Des chercheurs de l’Université de Waterloo, qui ont effectué les travaux de recherche, ont constaté que les utilisateurs avaient tendance à accroître leur tendance à partager des informations avec des agents numériques tels qu’Alexa, Google et Siri en raison de leur propension à leur assigner des personnalités et des caractéristiques physiques, qu’il s’agisse d’un âge précis, d’expressions faciales, ou encore de styles capillaires.

« Les gens anthropomorphisent ces agents conversationnels, ce qui pourrait les pousser à dévoiler davantage d’informations que prévu aux entreprises qui possèdent lesdits agents », soutient Edward Lank, professeur à la David R. Cheriton School of Computer Science de l’Université de Waterloo. « Ces agents sont des outils de cueillette d’informations que les entreprises utilisent pour nous vendre des produits. »

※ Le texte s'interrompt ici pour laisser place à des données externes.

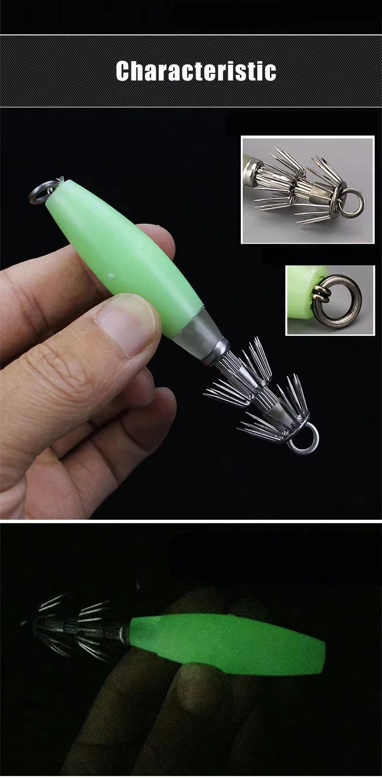 Este señuelo de pesca sirve para pescar peces de manga, calamares, pulpos y Sepia en agua dulce o salada.

« Les utilisateurs doivent se demander s’ils créent des impressions de ces agents, plutôt que de les voir comme une simple technologie, et d’ensuite leur faire confiance en fonction de ces impressions. »

Dans le cadre de l’étude, les chercheurs ont demandé à 10 hommes et à 10 femmes d’interagir avec trois agents conversationnels: Alexa, l’assistant Google et Siri. Les scientifiques ont ensuite interviewé les 20 participants pour évaluer leur perception de la personnalité des agents, et l’image qu’ils leur accordent, avant de finalement leur demander de créer un avatar pour chaque agent.

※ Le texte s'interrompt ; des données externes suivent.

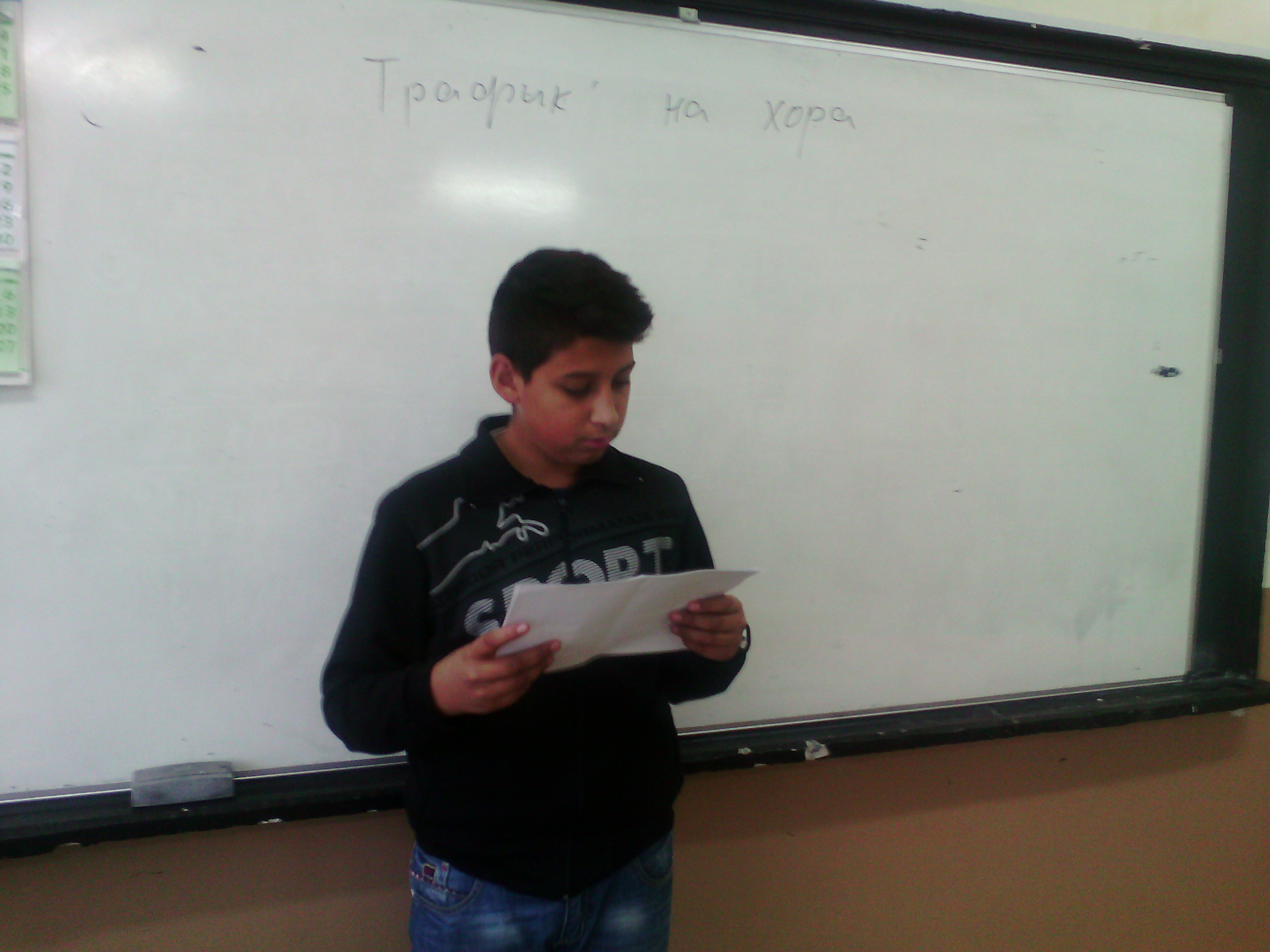 На 19.10.16г в часа на класа 6в клас отбелязаха европейския ден за борба с трафик на хора. Учениците подготвиха информация, която беше представена пред техните съученици

Les résultats de l’étude ont révélé que Siri était généralement perçue comme étant fourbe et rusée, alors qu’Alexa était plutôt honnête et intéressée. Les participants ont largement décrit Alexa comme étant neutre et ordinaire, alors que la personnalité de Google, et surtout de Siri, était plutôt perçue comme étant mieux définie et plus prononcée.

Dans leur description des agents, les participants ont imaginé Alexa comme étant de taille moyenne, ou un peu plus petite, un peu plus vieille que les autres agents, et vêtue de vêtements ordinaires de couleur noire ou neutre. Sa chevelure était généralement décrite comme étant plus sombre, ondulée, et sans artifices.

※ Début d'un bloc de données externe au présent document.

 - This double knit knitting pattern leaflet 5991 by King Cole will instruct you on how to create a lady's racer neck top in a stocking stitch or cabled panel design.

Les participants avaient également tendance à percevoir Google comme étant de taille moyenne, ou un peu plus grand, et portant des vêtements confortables évoquant la culture technologique (coton ouaté, etc.), ou encore des vêtements professionnels. Google aurait également les cheveux plus pâles, qu’ils soient longs et droits, ou encore noués en un chignon ou une couette. L’assistant de Google était également spécifiquement associé à un professionnalisme plus important.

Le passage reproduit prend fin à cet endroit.